━━ Exercise input ━━
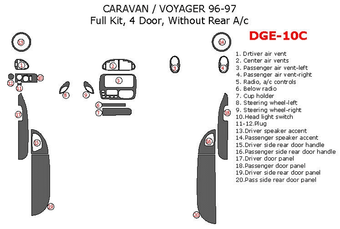 Dodge Caravan 1996-1997, Plymouth Voyager 1996-1997, Full Interior Kit, Without Rear A/c, 4 Door, 20 Pcs.
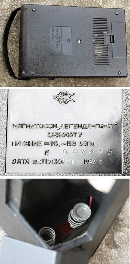 Тифлотехнический кассетный проигрыватель *Легенда П-405Т* с 1989 года выпускало Арзамасское приборостроительное ПО. Специальный тифлотехнический двухскоростной четырёхдорожечный магнитофон, предназначенный для воспроизведения фонограмм МФ2-4 на скорости 2,38 см/с и музыкальных фонограмм на скорости 4,76 см/с через ЛВ и громкоговоритель. В модели имеются; регулятор громкости, тембра ВЧ, регулятор скорости ленты, гнездо для наушников ТМ-4, гнездо для внешних устройств и шнура ДУ. Питание от 6 элементов 343 и от сети через БП. Время работы от батарей 10 часов. Диапазон регулировки скорости 2,38 см/сек 0...50%. Диапазон частотна скорости 2,38 см/с 125...5000 Гц; 4,76 см/с 63...10000 Гц. Выходная мощность 0,8 Вт. Габариты 265х175х85 мм. Вес 2,3 кг.
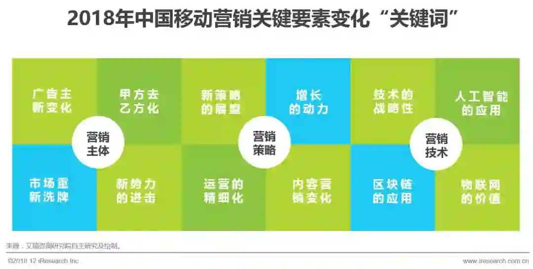 移动互联网改变了社会生活各类经济主体的思维和运营模式,移动营销及时响应移动互联网发展战略,因势而势。从营销关键要素来看,最明显的是技术带来的变化,技术消除了壁垒,透过大数据带来的是受众更全、投放更准、转化更高等优势,进而引发了营销主体(广告主、媒体、营销供应商)重新去思考如何争夺消费者注意力这场战役;最后,跟随而来的是营销策略的多重组合变化,广告主的目标将更聚焦于增长,内容的打法上社交和原生性更强,以及面对不断涌现的新兴玩法,参与方都再不断适应和探索。“变”一直是互联网最大的特征。
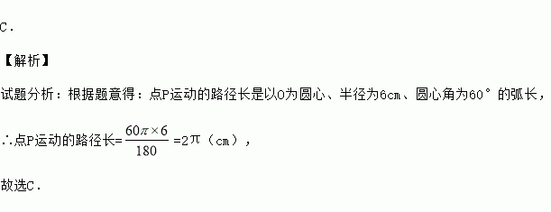如图,OA=OB=6cm,线段OB从与OA重合的位置开始沿逆时针方向旋转120°,在旋转过程中,设AB的中点为P(当OA与OB重合时,记点P与点A重合),则点P运动的路径长为( )
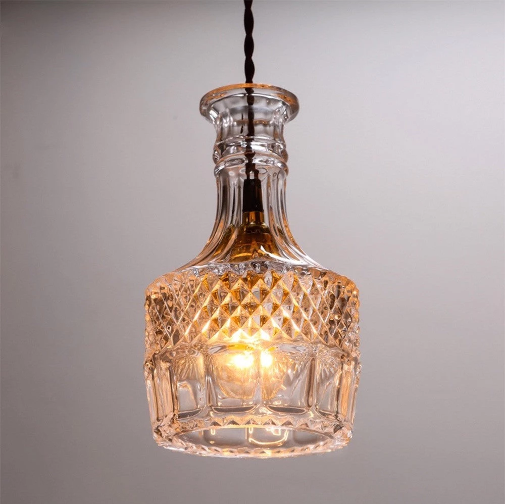 This beautiful, quirky pendant light takes the form of a vintage liquor bottle. The bottle shape, sparkle of cut class, and retro material hanging cord make a fun and elegant addition to living spaces such as an open kitchen, bar or dining area. Available in clear or frosted glass and as single pendants or a cluster of three.
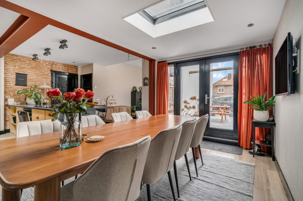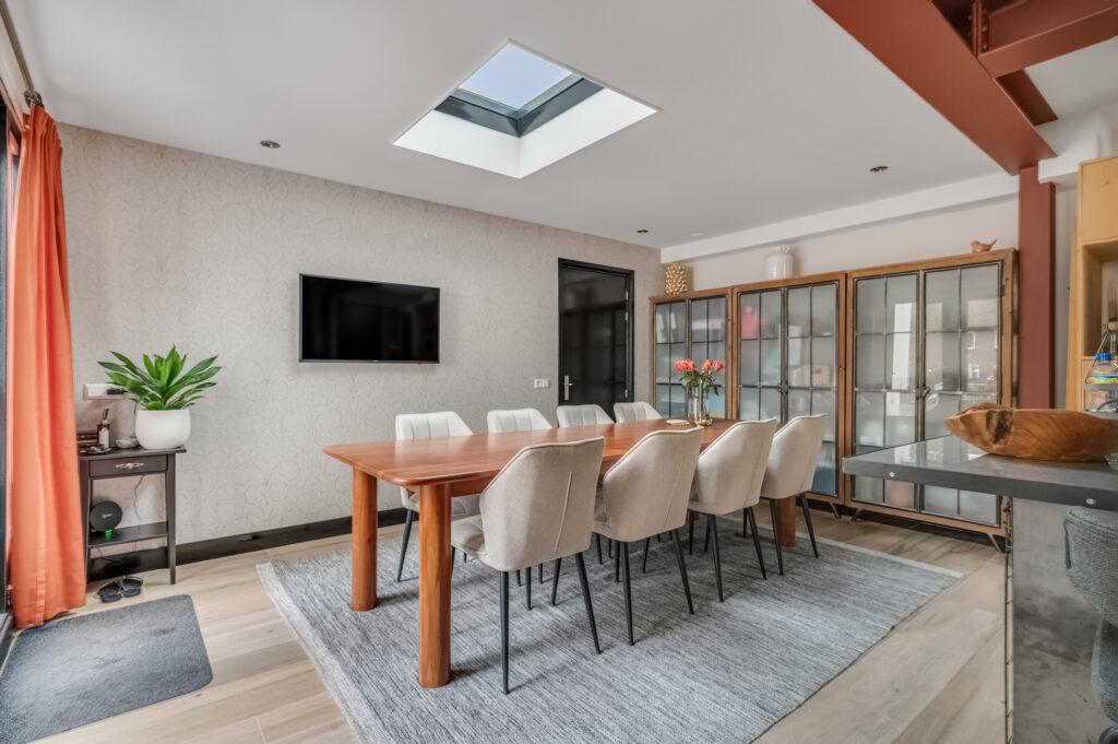 In de ruime eethoek kun je heerlijk eten, dineren en tafelen met kinderen, vrienden en familie.
━━━
## Try it
The data above should be repeated in full and exactly, with no pictures carried over.

## Expected output
 Dodge Caravan 1996-1997, Plymouth Voyager 1996-1997, Full Interior Kit, Without Rear A/c, 4 Door, 20 Pcs.
 Тифлотехнический кассетный проигрыватель *Легенда П-405Т* с 1989 года выпускало Арзамасское приборостроительное ПО. Специальный тифлотехнический двухскоростной четырёхдорожечный магнитофон, предназначенный для воспроизведения фонограмм МФ2-4 на скорости 2,38 см/с и музыкальных фонограмм на скорости 4,76 см/с через ЛВ и громкоговоритель. В модели имеются; регулятор громкости, тембра ВЧ, регулятор скорости ленты, гнездо для наушников ТМ-4, гнездо для внешних устройств и шнура ДУ. Питание от 6 элементов 343 и от сети через БП. Время работы от батарей 10 часов. Диапазон регулировки скорости 2,38 см/сек 0...50%. Диапазон частотна скорости 2,38 см/с 125...5000 Гц; 4,76 см/с 63...10000 Гц. Выходная мощность 0,8 Вт. Габариты 265х175х85 мм. Вес 2,3 кг.
 移动互联网改变了社会生活各类经济主体的思维和运营模式,移动营销及时响应移动互联网发展战略,因势而势。从营销关键要素来看,最明显的是技术带来的变化,技术消除了壁垒,透过大数据带来的是受众更全、投放更准、转化更高等优势,进而引发了营销主体(广告主、媒体、营销供应商)重新去思考如何争夺消费者注意力这场战役;最后,跟随而来的是营销策略的多重组合变化,广告主的目标将更聚焦于增长,内容的打法上社交和原生性更强,以及面对不断涌现的新兴玩法,参与方都再不断适应和探索。“变”一直是互联网最大的特征。
如图,OA=OB=6cm,线段OB从与OA重合的位置开始沿逆时针方向旋转120°,在旋转过程中,设AB的中点为P(当OA与OB重合时,记点P与点A重合),则点P运动的路径长为( )
 This beautiful, quirky pendant light takes the form of a vintage liquor bottle. The bottle shape, sparkle of cut class, and retro material hanging cord make a fun and elegant addition to living spaces such as an open kitchen, bar or dining area. Available in clear or frosted glass and as single pendants or a cluster of three.
 In de ruime eethoek kun je heerlijk eten, dineren en tafelen met kinderen, vrienden en familie.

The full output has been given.